#### [Exercise aim]
Transcribe the data verbatim and drop its images.

(Stored data)
**********
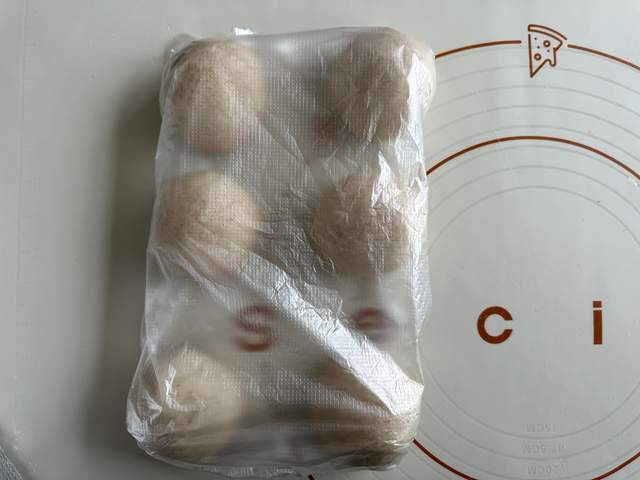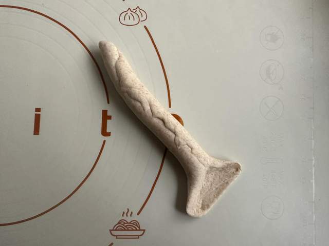 4、另一头包起来捏好接口,这个接口一定要反复捏紧,不然煮的时候会炸开。最后把借口的部分整理到底部。我们贝果生胚就做好了;
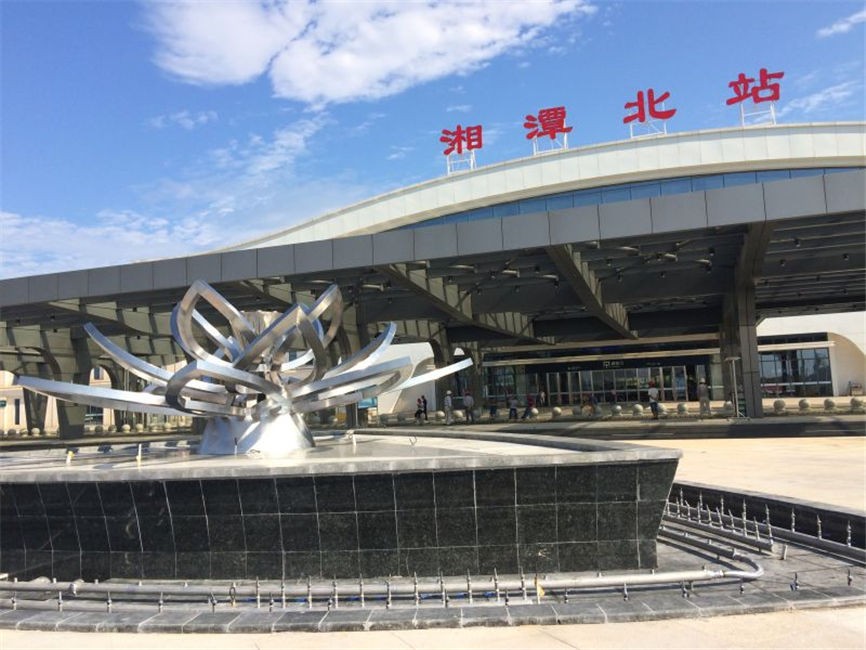 湘潭北站站前綜合樞紐總占地面積約9.3公頃,規(guī)劃建設(shè)站前廣場(chǎng)、公交戰(zhàn)場(chǎng)、出租車場(chǎng)、社會(huì)停車場(chǎng)、長(zhǎng)途客運(yùn)站、一級(jí)地下商業(yè)空間等。以蓮花、荷葉為主題的園林式廣場(chǎng),展示出一個(gè)現(xiàn)代、新穎、科技相結(jié)合“蓮城”文化的“綜合性、主體式、零換乘”功能廣場(chǎng)。
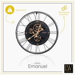 LW Collection Wandklok Radar Emanuel Zwart 62cm Bewegende Tandwielen
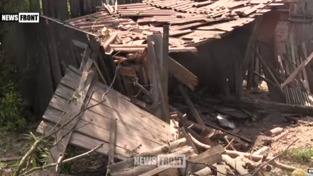 На видео видны разрушенные прямыми попаданиями снарядов частные дома и хозпостройки, а также поврежденные газовые трубы. Местные жители показали воронки от разорвавшихся снарядов, расположенные прямо во дворах жилых домов.
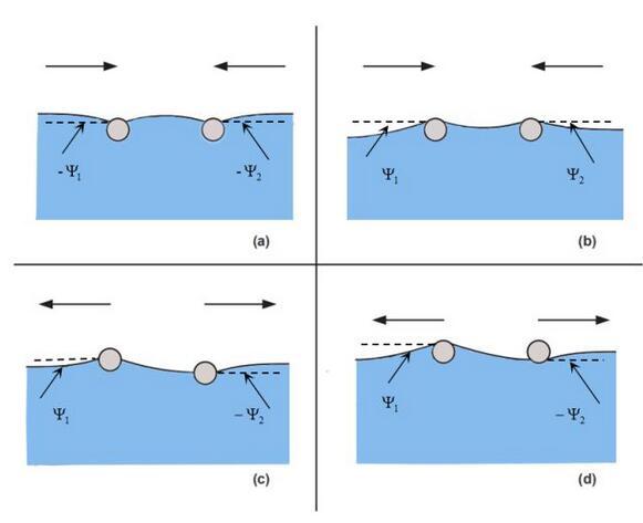 上圖便是水上兩個漂浮小球的吸引與排斥的判斷方法。值得注意的是,我們這里并沒有提及小球的浸潤性,也就是說,浸潤性與橫向毛細力的性質并不直接相關。實際上,橫向毛細力還可以分為漂浮橫向毛細力和浸沒橫向毛細力。我們討論的情況是漂浮橫向毛細力,由小球的重力引起,題主的所說的浸潤性應該換為小球的輕重(與水相比)。例如圖(a)里是兩個比水重的小球,表面張力將其往上拉。圖(b)是兩個比水輕的小球,表面張力將其往下拉。表面張力的方向恰好就對應了前述接觸線處液面的傾斜角。題主的所要表達的意思其實是:
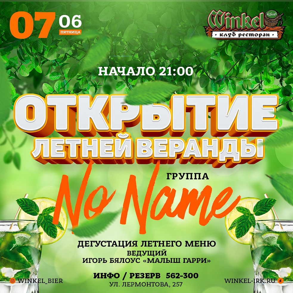 Winkel Klub приглашает на открытие обновленной Летней Веранды, 7 июня в пятницу!
**********
#### [Reply]
 4、另一头包起来捏好接口,这个接口一定要反复捏紧,不然煮的时候会炸开。最后把借口的部分整理到底部。我们贝果生胚就做好了;
 湘潭北站站前綜合樞紐總占地面積約9.3公頃,規(guī)劃建設(shè)站前廣場(chǎng)、公交戰(zhàn)場(chǎng)、出租車場(chǎng)、社會(huì)停車場(chǎng)、長(zhǎng)途客運(yùn)站、一級(jí)地下商業(yè)空間等。以蓮花、荷葉為主題的園林式廣場(chǎng),展示出一個(gè)現(xiàn)代、新穎、科技相結(jié)合“蓮城”文化的“綜合性、主體式、零換乘”功能廣場(chǎng)。
 LW Collection Wandklok Radar Emanuel Zwart 62cm Bewegende Tandwielen
 На видео видны разрушенные прямыми попаданиями снарядов частные дома и хозпостройки, а также поврежденные газовые трубы. Местные жители показали воронки от разорвавшихся снарядов, расположенные прямо во дворах жилых домов.
 上圖便是水上兩個漂浮小球的吸引與排斥的判斷方法。值得注意的是,我們這里并沒有提及小球的浸潤性,也就是說,浸潤性與橫向毛細力的性質并不直接相關。實際上,橫向毛細力還可以分為漂浮橫向毛細力和浸沒橫向毛細力。我們討論的情況是漂浮橫向毛細力,由小球的重力引起,題主的所說的浸潤性應該換為小球的輕重(與水相比)。例如圖(a)里是兩個比水重的小球,表面張力將其往上拉。圖(b)是兩個比水輕的小球,表面張力將其往下拉。表面張力的方向恰好就對應了前述接觸線處液面的傾斜角。題主的所要表達的意思其實是:
 Winkel Klub приглашает на открытие обновленной Летней Веранды, 7 июня в пятницу!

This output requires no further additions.